Requirement:
From the listing below, copy only the lines running from the line that contains "It’s rather sweet, Sagrada" to the line that contains "Die offene Küche/Esszimmer", both included.

Excerpted data:
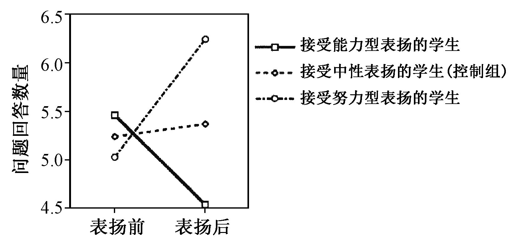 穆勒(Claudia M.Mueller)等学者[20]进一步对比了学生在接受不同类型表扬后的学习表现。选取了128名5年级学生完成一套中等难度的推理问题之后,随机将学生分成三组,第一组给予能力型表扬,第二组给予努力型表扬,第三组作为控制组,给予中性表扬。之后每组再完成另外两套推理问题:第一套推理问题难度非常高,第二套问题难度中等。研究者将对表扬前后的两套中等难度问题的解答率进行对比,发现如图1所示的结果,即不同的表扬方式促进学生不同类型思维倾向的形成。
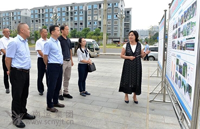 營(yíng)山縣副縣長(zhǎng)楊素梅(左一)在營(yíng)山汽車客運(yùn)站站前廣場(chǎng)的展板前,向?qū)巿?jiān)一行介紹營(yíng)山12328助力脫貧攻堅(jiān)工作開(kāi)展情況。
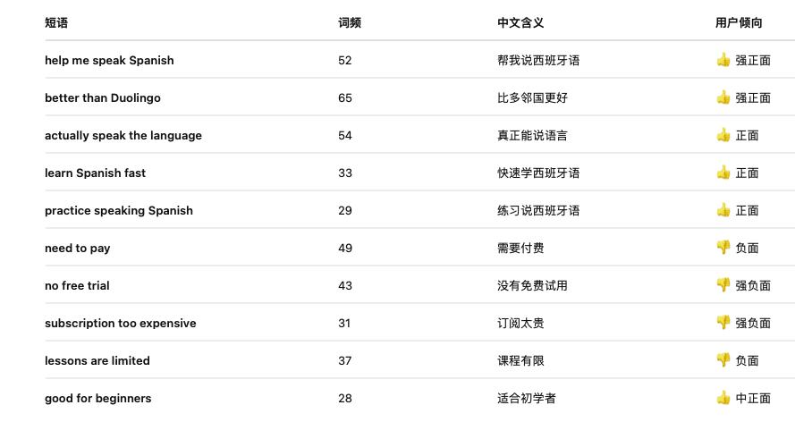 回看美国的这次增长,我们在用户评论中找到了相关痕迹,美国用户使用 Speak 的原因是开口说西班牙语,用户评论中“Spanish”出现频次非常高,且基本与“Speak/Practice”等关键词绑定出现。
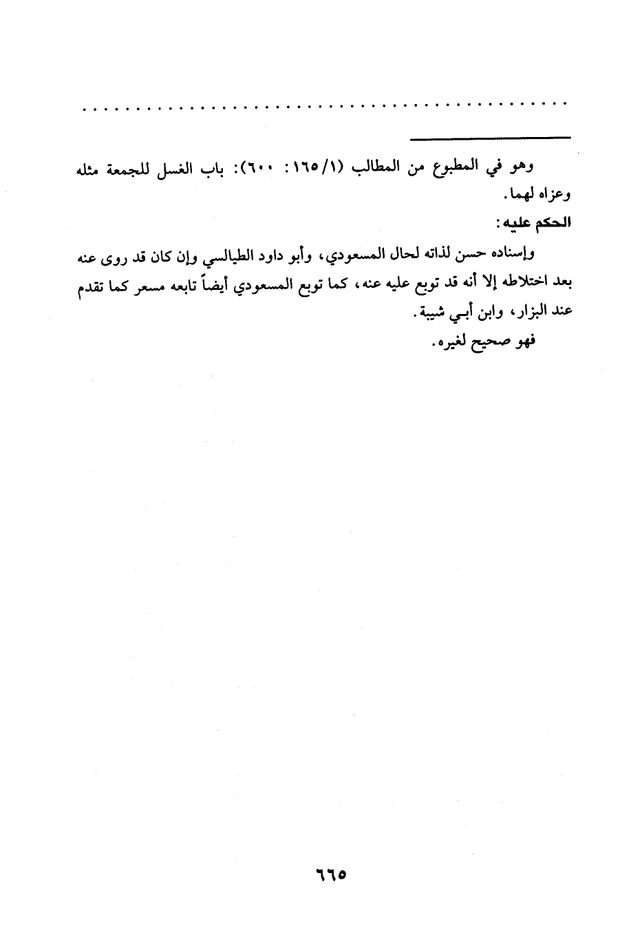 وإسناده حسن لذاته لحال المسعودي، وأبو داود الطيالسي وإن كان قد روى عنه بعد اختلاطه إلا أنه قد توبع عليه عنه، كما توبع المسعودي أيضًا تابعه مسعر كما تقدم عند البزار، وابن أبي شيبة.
--
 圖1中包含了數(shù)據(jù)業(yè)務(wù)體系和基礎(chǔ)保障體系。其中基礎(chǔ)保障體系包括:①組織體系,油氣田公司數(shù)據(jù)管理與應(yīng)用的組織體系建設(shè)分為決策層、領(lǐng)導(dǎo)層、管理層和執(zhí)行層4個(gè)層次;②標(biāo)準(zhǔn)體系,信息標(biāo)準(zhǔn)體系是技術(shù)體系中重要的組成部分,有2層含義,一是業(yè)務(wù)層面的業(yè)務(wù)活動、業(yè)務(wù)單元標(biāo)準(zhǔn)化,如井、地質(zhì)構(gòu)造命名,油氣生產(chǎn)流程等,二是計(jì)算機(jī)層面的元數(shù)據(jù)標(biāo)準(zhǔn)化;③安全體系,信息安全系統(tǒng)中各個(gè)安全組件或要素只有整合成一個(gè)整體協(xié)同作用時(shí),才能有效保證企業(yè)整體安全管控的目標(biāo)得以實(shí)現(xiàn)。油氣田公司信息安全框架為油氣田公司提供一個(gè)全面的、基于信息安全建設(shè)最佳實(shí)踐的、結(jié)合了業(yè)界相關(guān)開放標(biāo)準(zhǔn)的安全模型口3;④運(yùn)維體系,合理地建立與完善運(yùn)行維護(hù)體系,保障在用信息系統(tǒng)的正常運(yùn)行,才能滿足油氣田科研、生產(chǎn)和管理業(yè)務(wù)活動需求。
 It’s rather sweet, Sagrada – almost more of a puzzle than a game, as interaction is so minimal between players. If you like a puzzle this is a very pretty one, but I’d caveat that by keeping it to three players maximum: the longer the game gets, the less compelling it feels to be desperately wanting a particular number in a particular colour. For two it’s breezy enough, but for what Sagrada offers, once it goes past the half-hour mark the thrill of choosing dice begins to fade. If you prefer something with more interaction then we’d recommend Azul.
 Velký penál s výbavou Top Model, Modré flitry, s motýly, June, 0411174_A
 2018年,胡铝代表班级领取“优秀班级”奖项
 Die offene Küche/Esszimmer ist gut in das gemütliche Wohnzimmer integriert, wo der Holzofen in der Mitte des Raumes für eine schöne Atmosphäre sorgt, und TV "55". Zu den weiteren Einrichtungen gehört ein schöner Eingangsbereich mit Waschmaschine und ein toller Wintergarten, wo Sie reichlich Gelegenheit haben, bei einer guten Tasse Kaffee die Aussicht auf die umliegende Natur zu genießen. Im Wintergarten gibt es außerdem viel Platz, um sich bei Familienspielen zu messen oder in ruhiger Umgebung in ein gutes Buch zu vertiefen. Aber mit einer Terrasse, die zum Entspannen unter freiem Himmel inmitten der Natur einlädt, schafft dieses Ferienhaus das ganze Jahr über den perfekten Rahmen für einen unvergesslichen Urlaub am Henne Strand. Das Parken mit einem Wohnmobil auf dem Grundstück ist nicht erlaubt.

Output:
 It’s rather sweet, Sagrada – almost more of a puzzle than a game, as interaction is so minimal between players. If you like a puzzle this is a very pretty one, but I’d caveat that by keeping it to three players maximum: the longer the game gets, the less compelling it feels to be desperately wanting a particular number in a particular colour. For two it’s breezy enough, but for what Sagrada offers, once it goes past the half-hour mark the thrill of choosing dice begins to fade. If you prefer something with more interaction then we’d recommend Azul.
 Velký penál s výbavou Top Model, Modré flitry, s motýly, June, 0411174_A
 2018年,胡铝代表班级领取“优秀班级”奖项
 Die offene Küche/Esszimmer ist gut in das gemütliche Wohnzimmer integriert, wo der Holzofen in der Mitte des Raumes für eine schöne Atmosphäre sorgt, und TV "55". Zu den weiteren Einrichtungen gehört ein schöner Eingangsbereich mit Waschmaschine und ein toller Wintergarten, wo Sie reichlich Gelegenheit haben, bei einer guten Tasse Kaffee die Aussicht auf die umliegende Natur zu genießen. Im Wintergarten gibt es außerdem viel Platz, um sich bei Familienspielen zu messen oder in ruhiger Umgebung in ein gutes Buch zu vertiefen. Aber mit einer Terrasse, die zum Entspannen unter freiem Himmel inmitten der Natur einlädt, schafft dieses Ferienhaus das ganze Jahr über den perfekten Rahmen für einen unvergesslichen Urlaub am Henne Strand. Das Parken mit einem Wohnmobil auf dem Grundstück ist nicht erlaubt.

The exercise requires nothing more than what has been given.